I read a couple of “Miss Juneteenth” reviews and they were dripping with milk and honey. Following the murder of George Floyd and the global protests and violence that followed, there is more interest in African American art and culture, and more compassion. I watched “Da 5 Bloods” the other day and I felt it was a good movie that was too heavily laden with politics and dented with the error of using 60-ish men to play 20 something-year-old men at some points of the show. I read a few reviews of this Spike Lee’s movie but no one was critical of anything in the film. In fact, they gushed over it. It was a good movie, don’t misquote me, but it wasn’t a great movie at all.
When I saw the title “Miss Juneteenth”, I immediately knew it would be allowed to get away with murder if it goes that for a neck and slashes it. Juneteenth is an important holiday for African Americans and America as a whole. I didn’t expect anyone to bad mouth a movie named after it in the Floyd Era. And I read a couple of reviews and they were all cordial and outright praise-singing (the movie has a score of 99% on Rotten Tomatoes).

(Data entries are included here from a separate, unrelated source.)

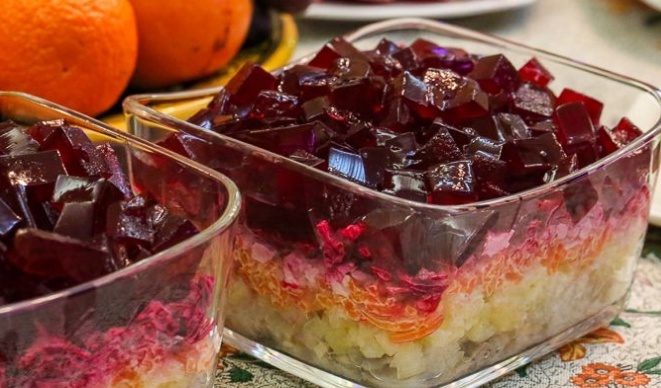 Прежде чем подавать к столу, на верхушку салата укладываются кубики свекольного желе, которые создают изысканное завершение. Селедка под шубой с рубинами готова удивлять и радовать!
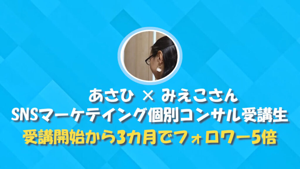 あさひ:皆さんこんにちはあさひです。今回は、SNSマーケティング × 個別コンサルティング受講生のみえこさんに来ていただきました。本日はよろしくお願いします。
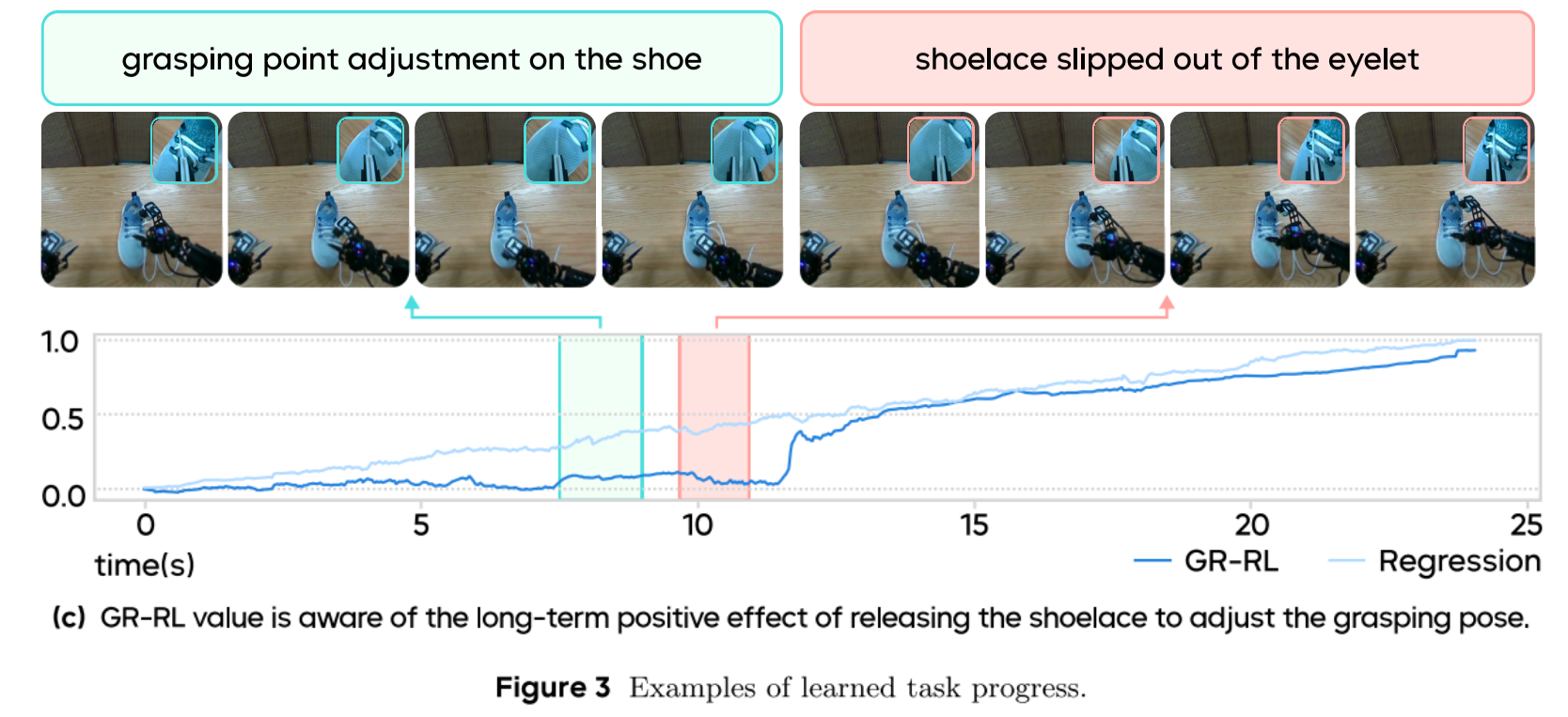 不仅能识别“推动任务的有效动作”(如精准对准鞋眼),还能捕捉“导致失败的无效动作”(如犹豫微调、鞋带滑落),最终具备“稳健评估任务进度”的能力,而非仅能判断“步骤完成度”的简单模型。

Or they just talk about anything but the movie it sets out to review (LATimes used a larger percentage of its review to talk about the star Nicole Beharie’s career decline after “Sleepy Hollow” series).
I watched “Miss Juneteenth” with a suspicious eye. I was seated on the edge of my sofa to catch whatever detail of what doesn’t work that I may catch and that others would give the blind eye treatment or dismiss as an unimportant little speck in a hidden corner of the cassock of the film. To say I didn’t enjoy the film is to say I am not able to be critical and still open-minded to be entertained (and it is to be defensive about the show which is part of what I was worried about in the first place – the movie getting shielded from blames because it has to do with black history and culture).
The movie was written and directed by Channing Godfrey Peoples, a native of Fort Worth, Texas and set in Fort Worth, Texas. Before now, my only awareness of Fort Worth is through the novels of Lee Child who always made references to the military base in the city. Now, I have something to think of whenever the city is mentioned. It was Peoples’ first movie as a director and she did an above-average job.
See also: The review of Just Mercy
The first thing that strikes me about the film is the beauty of Turquoise Jones played by Nicole Baharie. I am now used but refused to accept the fact that a lot of non-beautiful people contest and win pageants. It was a welcome sight to see the striking looks of Turq an ex-Miss Juneteenth. She is so beautiful, vulnerable, and youngish that she could run again for Miss Juneteenth and still take home the prize she won in 2014 in 2019.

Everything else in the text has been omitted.